▶ **Work to be completed**:
Go through the listing below and retype exactly the lines starting at the one with "Och. Schade. Wird" and ending at the one with "Collana Con Un", skipping pictures.

── Records for the exercise ──

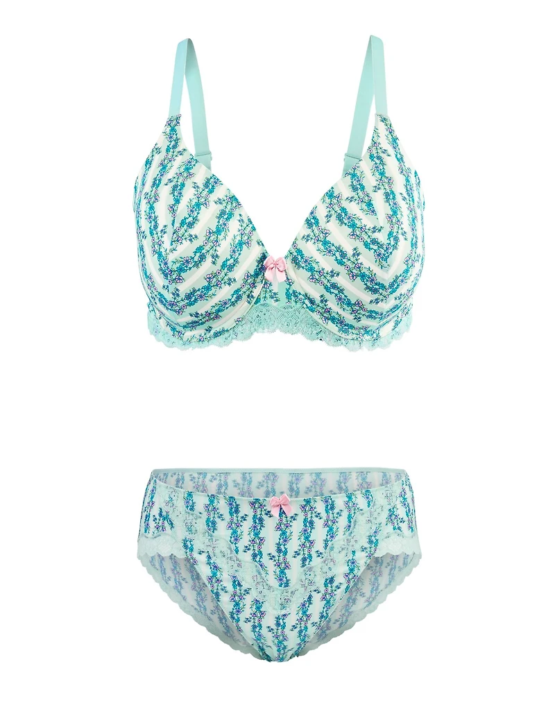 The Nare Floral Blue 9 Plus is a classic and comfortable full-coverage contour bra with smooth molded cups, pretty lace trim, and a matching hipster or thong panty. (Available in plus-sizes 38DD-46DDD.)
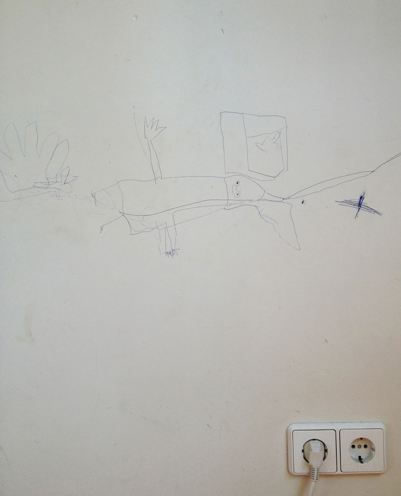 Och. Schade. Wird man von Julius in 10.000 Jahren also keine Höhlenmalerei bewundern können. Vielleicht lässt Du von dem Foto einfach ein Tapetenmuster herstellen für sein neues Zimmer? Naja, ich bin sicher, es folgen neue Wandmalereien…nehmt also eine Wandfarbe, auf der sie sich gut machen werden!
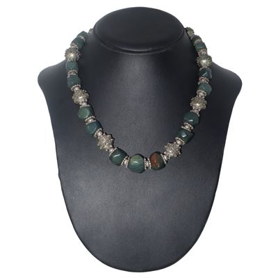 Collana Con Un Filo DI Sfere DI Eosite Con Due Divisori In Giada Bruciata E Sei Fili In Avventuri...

───
── Records for the exercise ──

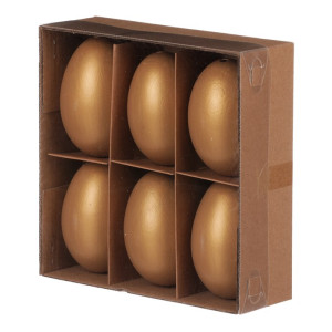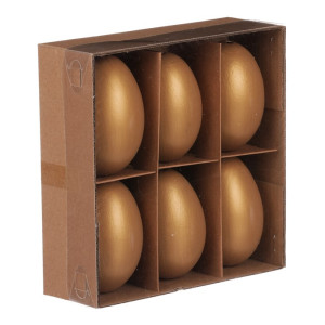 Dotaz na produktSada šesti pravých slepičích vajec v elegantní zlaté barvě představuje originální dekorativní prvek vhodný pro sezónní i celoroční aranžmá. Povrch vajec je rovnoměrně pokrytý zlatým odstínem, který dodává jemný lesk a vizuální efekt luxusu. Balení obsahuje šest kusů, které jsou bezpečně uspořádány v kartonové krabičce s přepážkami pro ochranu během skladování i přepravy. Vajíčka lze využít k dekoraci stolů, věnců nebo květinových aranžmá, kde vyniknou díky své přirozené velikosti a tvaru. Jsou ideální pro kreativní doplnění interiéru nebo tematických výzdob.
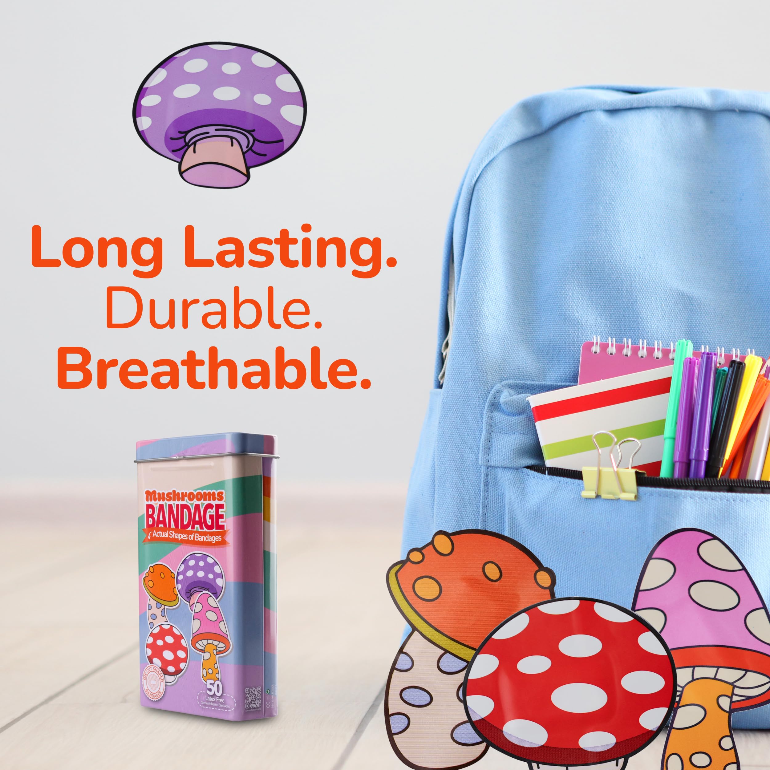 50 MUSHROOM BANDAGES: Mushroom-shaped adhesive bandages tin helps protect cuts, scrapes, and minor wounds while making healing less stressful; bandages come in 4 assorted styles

───
── Records for the exercise ──

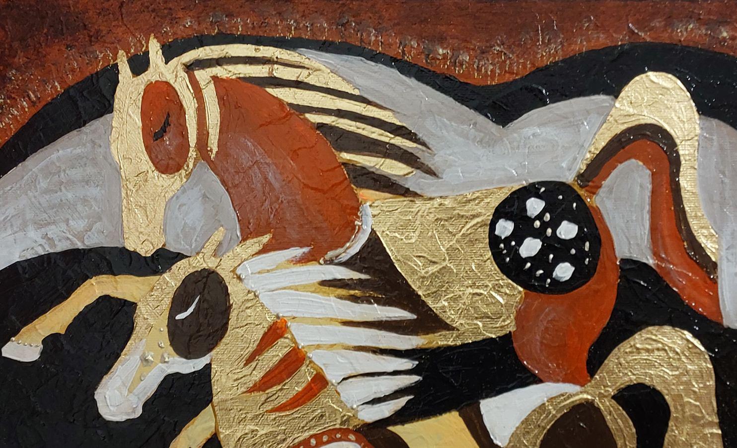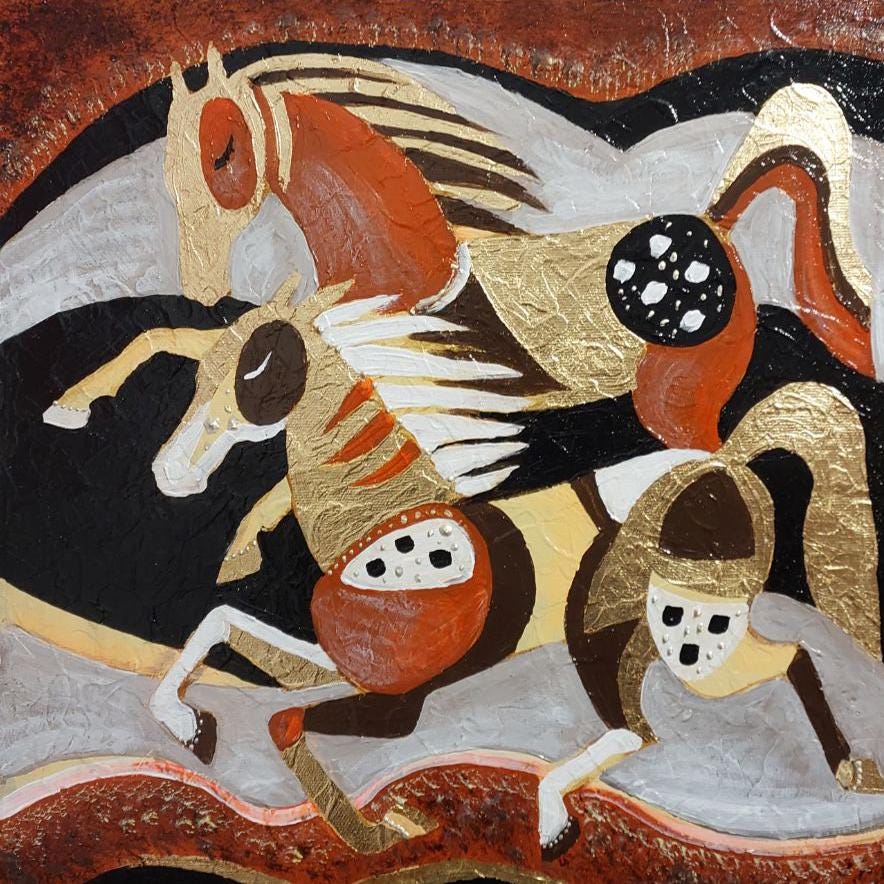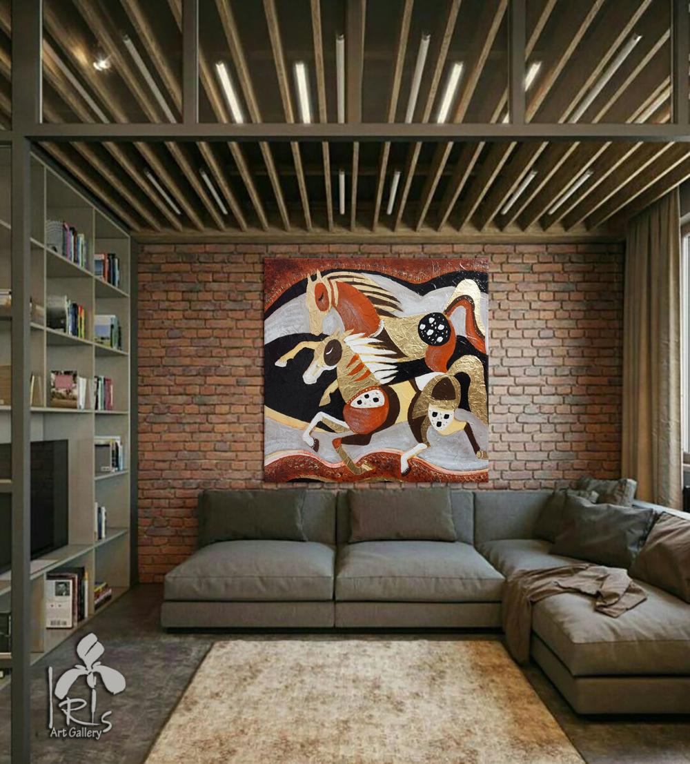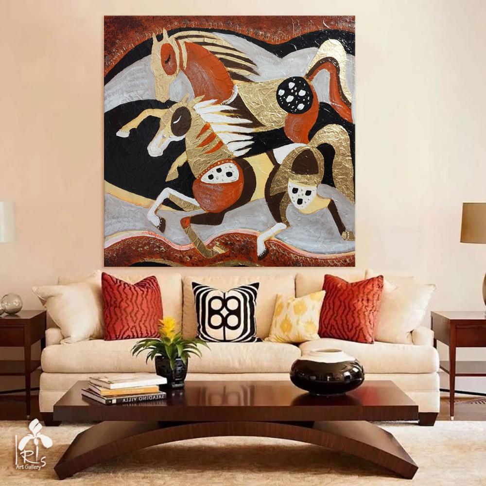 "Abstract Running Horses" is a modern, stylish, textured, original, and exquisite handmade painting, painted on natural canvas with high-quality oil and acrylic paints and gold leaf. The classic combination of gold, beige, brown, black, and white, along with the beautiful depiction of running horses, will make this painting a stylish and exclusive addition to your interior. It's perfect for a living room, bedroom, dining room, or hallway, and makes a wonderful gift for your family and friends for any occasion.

───

▶ **Answer space**:
 Och. Schade. Wird man von Julius in 10.000 Jahren also keine Höhlenmalerei bewundern können. Vielleicht lässt Du von dem Foto einfach ein Tapetenmuster herstellen für sein neues Zimmer? Naja, ich bin sicher, es folgen neue Wandmalereien…nehmt also eine Wandfarbe, auf der sie sich gut machen werden!
 Collana Con Un Filo DI Sfere DI Eosite Con Due Divisori In Giada Bruciata E Sei Fili In Avventuri...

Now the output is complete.